OAK-D-CM4¶
Overview¶
OAK-D-CM4 is based off of the OAK-D-CM3 and it combines a host (RPi CM4) and the OAK-SoM to allow for a fully standalone and integrated solution for real-time Spatial AI.
The biggest difference between OAK-D-CM4 and OAK-D-CM3 architecture is that OAK-D-CM4 integrates a CM4 module, has gigabit ethernet, and is populated with MagJack supporting PoE. PoE can be used with additional PoE Hat. CM4 modules also have WiFi and Bluetooth connectivity.
Most OAK-D-CM4 devices have eMMC memory on-board. If you would like to flash a new image to it, follow the tutorial here. OAK-SoM is connected to the RPi CM4 via USB2 lines (on PCB).
Hardware specifications¶
Camera module specifications¶
Camera Specs |
Color camera |
Stereo pair |
---|---|---|
Sensor |
IMX378 (PY011 AF) |
OV9282 (PY010 FF) |
DFOV / HFOV / VFOV |
||
Resolution |
12MP (4056x3040) |
1MP (1280x800) |
Focus |
AF: 8cm - ∞ or FF: 50cm - ∞ |
FF: 19.6cm - ∞ |
Max Framerate |
60 FPS |
120 FPS |
F-number |
1.8 ±5% |
2.0 ±5% |
Lens size |
1/2.3 inch |
1/4 inch |
Effective Focal Length |
4.81mm |
2.35mm |
Pixel size |
1.55µm x 1.55µm |
3µm x 3µm |
RVC2 inside¶
This OAK device is built on top of the RVC2. Main features:
4 TOPS of processing power (1.4 TOPS for AI - RVC2 NN Performance)
Run any AI model, even custom-architectured/built ones - models need to be converted.
Encoding: H.264, H.265, MJPEG - 4K/30FPS, 1080P/60FPS
Computer vision: warp/dewarp, resize, crop via ImageManip node, edge detection, feature tracking. You can also run custom CV functions
Stereo depth perception with filtering, post-processing, RGB-depth alignment, and high configurability
Object tracking: 2D and 3D tracking with ObjectTracker node
Stereo depth perception¶
This OAK camera has a baseline of 9.0cm - the distance between the left and the right stereo camera. Minimal and maximal depth perception (MinZ and Max) depends on camera FOV, resolution, and baseline- more information here.
Ideal range: 85cm - 10m
MinZ: ~20cm (400P, extended), ~40cm (400P OR 800P, extended), ~80cm (800P)

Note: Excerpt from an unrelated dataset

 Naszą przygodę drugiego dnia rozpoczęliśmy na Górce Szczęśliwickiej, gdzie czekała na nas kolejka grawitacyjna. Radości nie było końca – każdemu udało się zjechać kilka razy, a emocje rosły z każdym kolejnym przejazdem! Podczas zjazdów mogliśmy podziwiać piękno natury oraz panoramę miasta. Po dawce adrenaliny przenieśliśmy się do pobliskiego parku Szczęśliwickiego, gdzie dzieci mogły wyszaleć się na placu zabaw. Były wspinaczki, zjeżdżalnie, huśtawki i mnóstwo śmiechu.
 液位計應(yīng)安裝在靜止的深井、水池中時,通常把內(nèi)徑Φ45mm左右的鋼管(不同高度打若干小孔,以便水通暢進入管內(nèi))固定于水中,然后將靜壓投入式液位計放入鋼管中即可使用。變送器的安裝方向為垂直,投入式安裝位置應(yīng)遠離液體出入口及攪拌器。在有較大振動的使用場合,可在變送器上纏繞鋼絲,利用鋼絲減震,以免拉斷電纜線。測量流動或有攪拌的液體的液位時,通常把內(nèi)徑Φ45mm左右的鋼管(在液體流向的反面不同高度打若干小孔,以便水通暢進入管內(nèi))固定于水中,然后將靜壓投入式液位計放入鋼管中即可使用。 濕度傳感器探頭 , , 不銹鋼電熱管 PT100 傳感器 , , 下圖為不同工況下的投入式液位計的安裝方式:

MaxZ: ~17 meters with a variance of 10%
Extended means that StereoDepth node has Extended disparity mode enabled.
Power consumption¶
Most of the power is consumed by the RVC2 and by the Raspberry Pi Compute Module (CM), so the power consumption depends mostly on the workload of the VPU and CPU:
Base consumption + camera streaming: 2.5W - 3W
AI subsystem consumption: Up to 1W
Stereo depth pipeline subsystem: Up to 0.5W
Video Encoder subsystem: Up to 0.5W
Raspberry Pi CM: Between 0.5W and 10W, depending on the CPU usage
So the total power consumption can be up to ~15W if you are using all the features at 100% at the same time. To reduce the power consumption, you can reduce CPU computation on the RPi CM, or FPS of the whole pipeline - that way, subsystems won’t be utilized at 100% and will consume less power.
Operating temperature¶
The ambient operating temperature of RVC2 based devices is between -20°C and 50°C when fully utilizing the VPU.

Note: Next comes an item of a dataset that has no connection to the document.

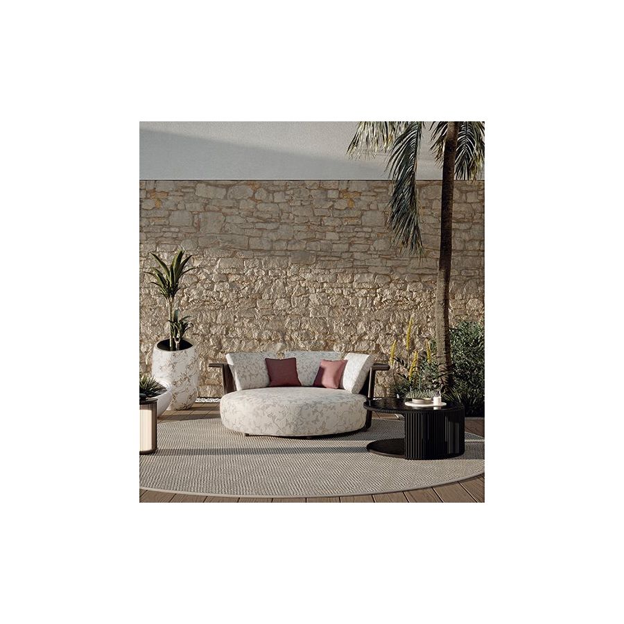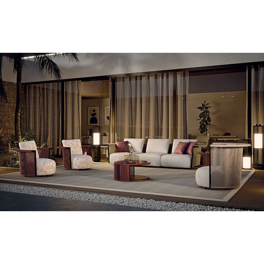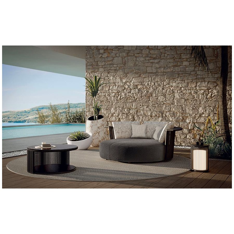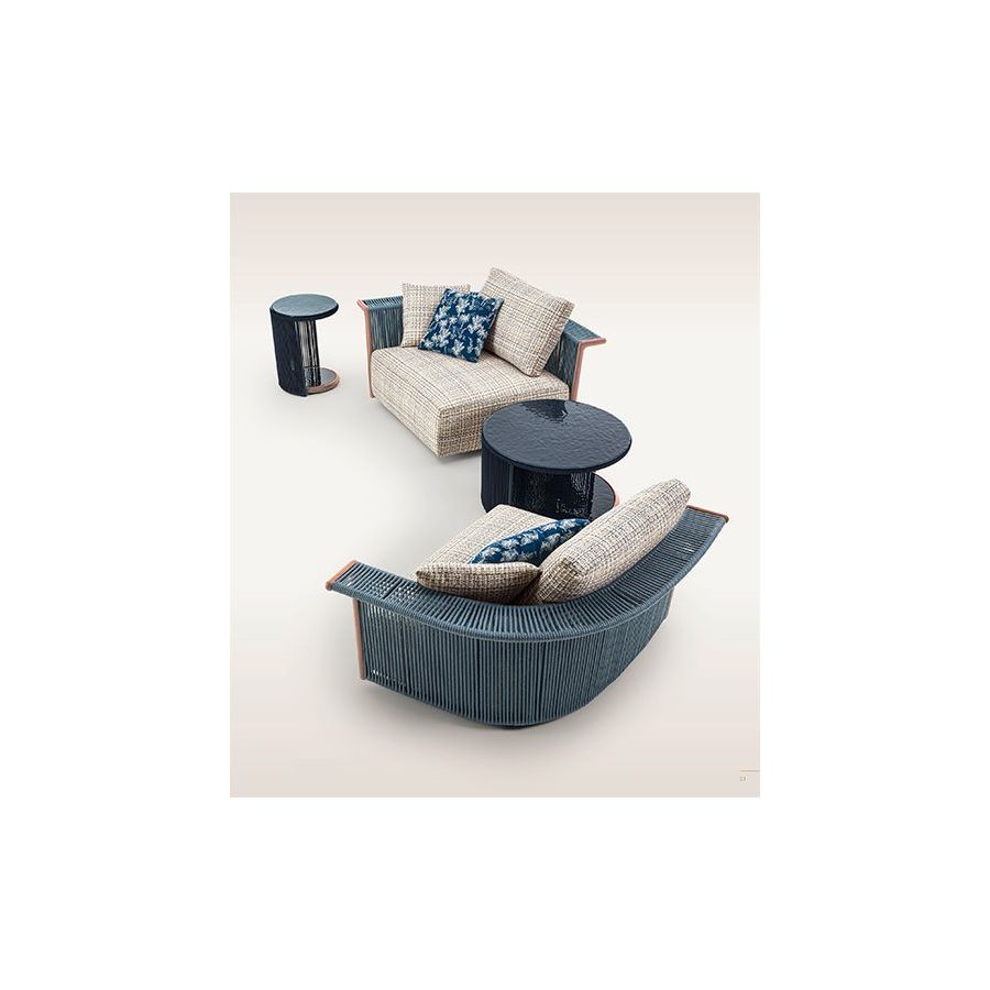 A collection made up of individual elements that can be put together to make straight, curved or corner sofas. The load-bearing structure is in epoxy-powder-coated 304 stainless steel, finely and manually woven with a fabric rope in the same colour. The seat is in wood, with PVC slats covered in special triple-density “draining” polyurethane foams in breathable water-repellent white covers to eliminate any dampness. The back cushion is in Rollo fill polyester, covered with a breathable water-repellent white lining. The structure is fitted with elegantly shaped ends in Iroko wood, in either a natural or dark tinted finish. All the fabric covers for both the seats and back cushions are removable.

Similarly to the Power consumption, max operating temperature depends on VPU utilization. The higher the VPU utilization, the more heat the VPU will generate. The RVC2 VPU can continuously operate at 105 °C, after which the depthai library will automatically shut down the device (to avoid chip damage).
To find out more, see our Operative temperature range documentation.
Limitations¶
If the OAK-D-CM4 device does not come with a built-in WiFi module, a Tenda Wi-Fi dongle is included in the box of the device as a workaround. To enable the dongle, you will need to install the necessary drivers. These drivers come pre-installed on the V10 (or higher) OAK-CM4-POE 64bit RPi OS image (available here).
Alternatively, you can the steps below (source) to install the drivers manually:
sudo apt-get install build-essential git dkms linux-headers-$(uname -r)
git clone https://github.com/McMCCRU/rtl8188gu.git
cd rtl8188gu
make
sudo make install
sudo apt install --reinstall linux-firmware
sudo reboot
After rebooting, the Tenda USB dongle should be operational.